SOURCE DATA -
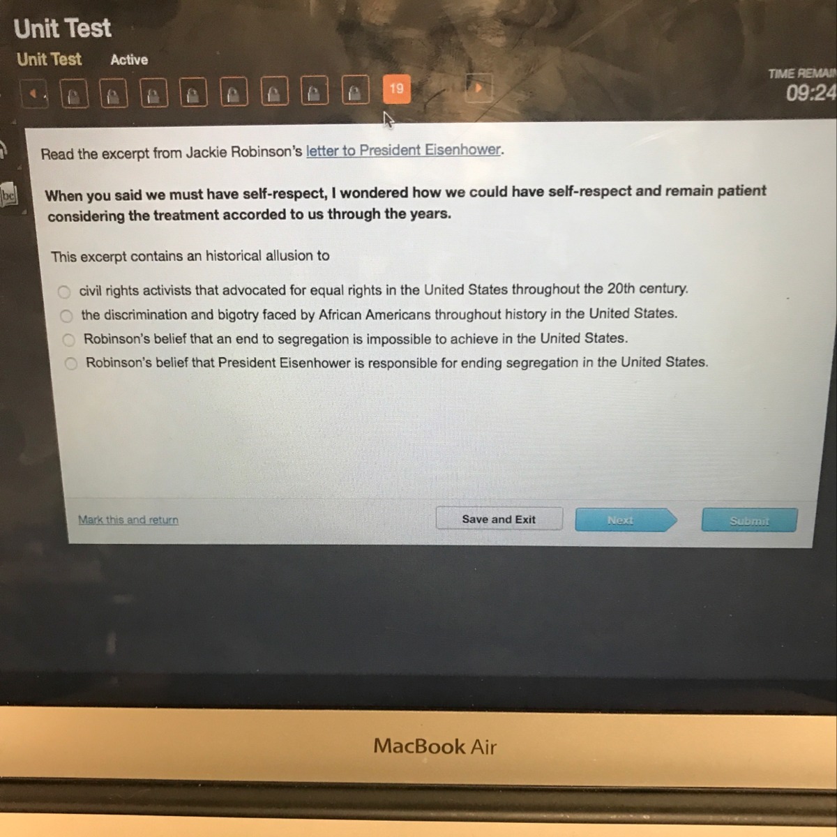 In this excerpt, Jackie Robinson references the treatment that has been accorded to African Americans throughout the history of the United States. What Robinson is referencing is the discrimination and bigotry that African Americans have had to tolerate. He implies that it is unfair to ask African Americans to remain patient after they have had to deal with all these problems throughout the years.
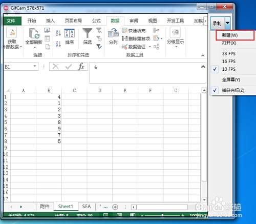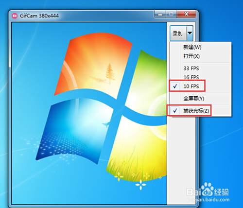 录制之前,可以先进行简单的设置.点击【录制】按钮右侧的倒三角,在下拉菜单中可以守则录制的帧数,帧数越高,文件就越大,一般保留默认的10FPS就可以。另外勾选捕捉光标,这样就可以看到录制后的鼠标移动过程。
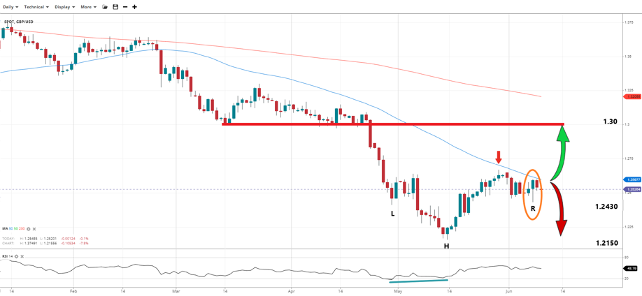 From a technical standpoint, cable trades at a critical junction just shy off the 50-day moving average near $1.26. But an inverse head-and-shoulders reversal pattern could boost the pair up to $1.30 if the neckline at 1.265 and the 50 DMA give way.
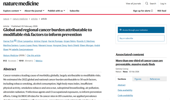 研究チームは185カ国で収集された36種類のがんデータを基に、がん発症に関連するさまざまな要因について分析を行いました。その結果、2022年には新たに約1870万件のがん症例が発生し、そのうち約37.8%に相当する推定710万件の症例については、30の修正可能なリスク要因に起因することが判明しました。
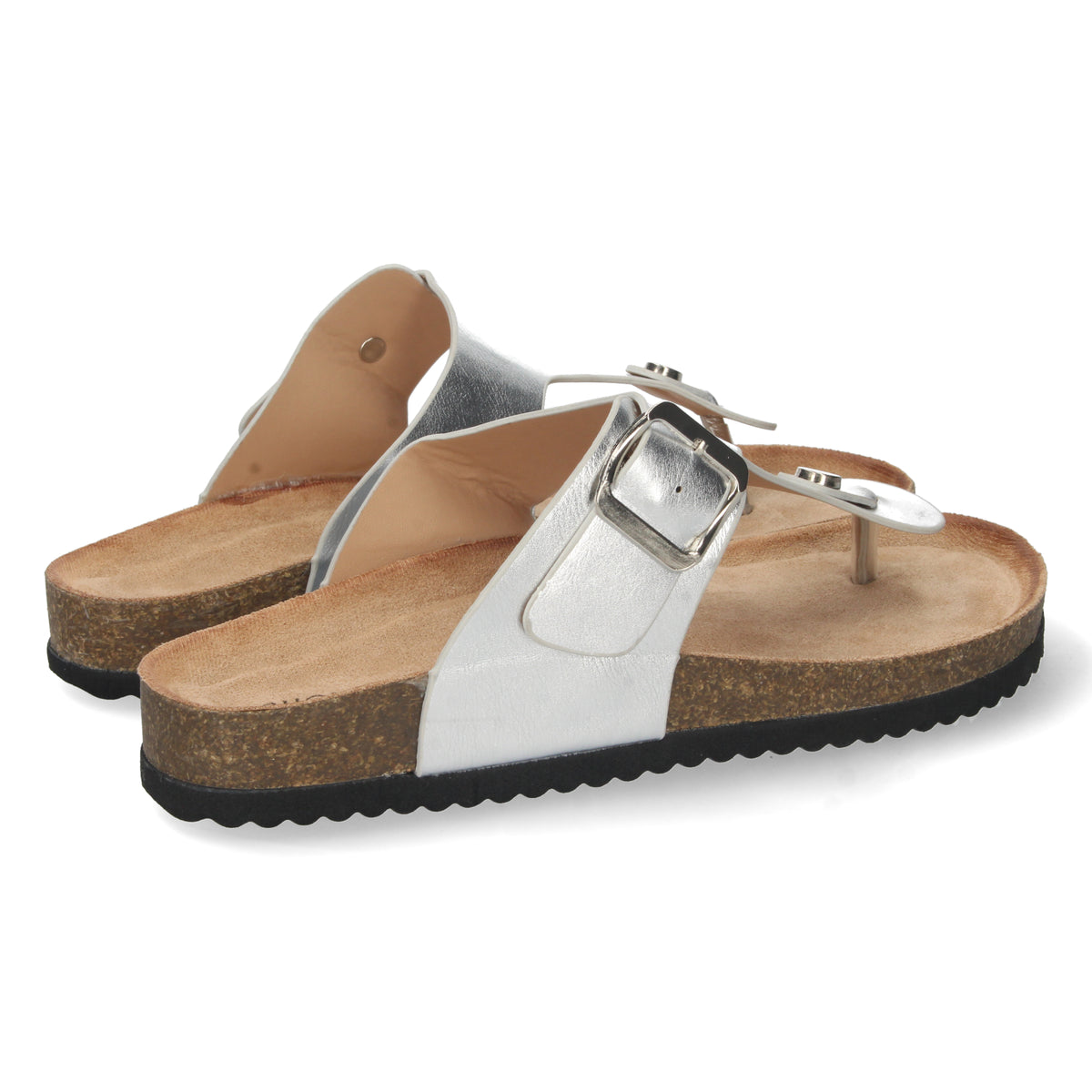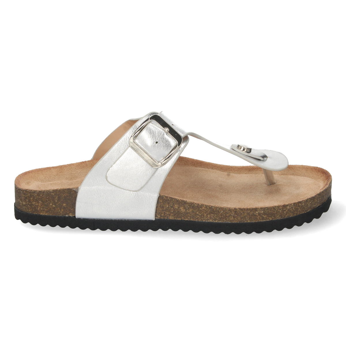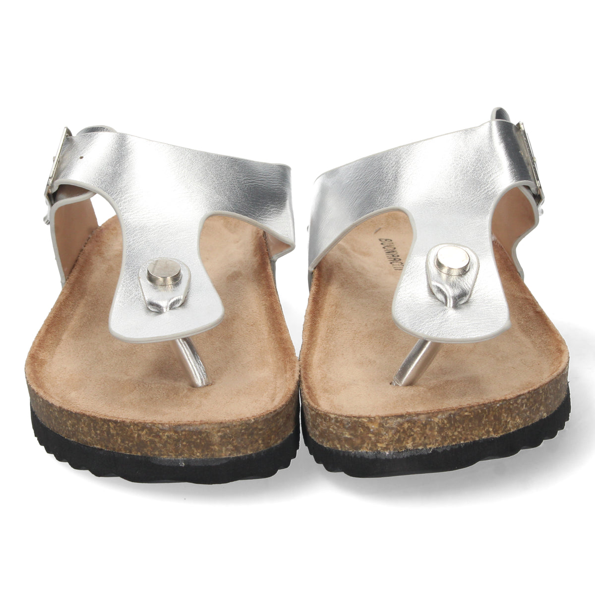 Sandalias Plateadas Planas con Planta Bio para Mujer
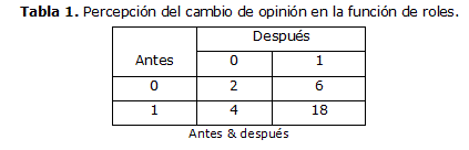 Para todos los casos estudiados se cumple la hipótesis de nulidad (h0): el número de cambios de opinión parece ser el mismo al inicio de tratamiento y al término del mismo, revelando muy poca influencia en los cambios de opinión.

WHAT YOU HAVE TO DO - The required answer is the lines from the one that contains "研究チームは185カ国で収集" through the last line of the records, restated word for word, with every picture dropped.

SOLVED EXERCISE -
 研究チームは185カ国で収集された36種類のがんデータを基に、がん発症に関連するさまざまな要因について分析を行いました。その結果、2022年には新たに約1870万件のがん症例が発生し、そのうち約37.8%に相当する推定710万件の症例については、30の修正可能なリスク要因に起因することが判明しました。
 Sandalias Plateadas Planas con Planta Bio para Mujer
 Para todos los casos estudiados se cumple la hipótesis de nulidad (h0): el número de cambios de opinión parece ser el mismo al inicio de tratamiento y al término del mismo, revelando muy poca influencia en los cambios de opinión.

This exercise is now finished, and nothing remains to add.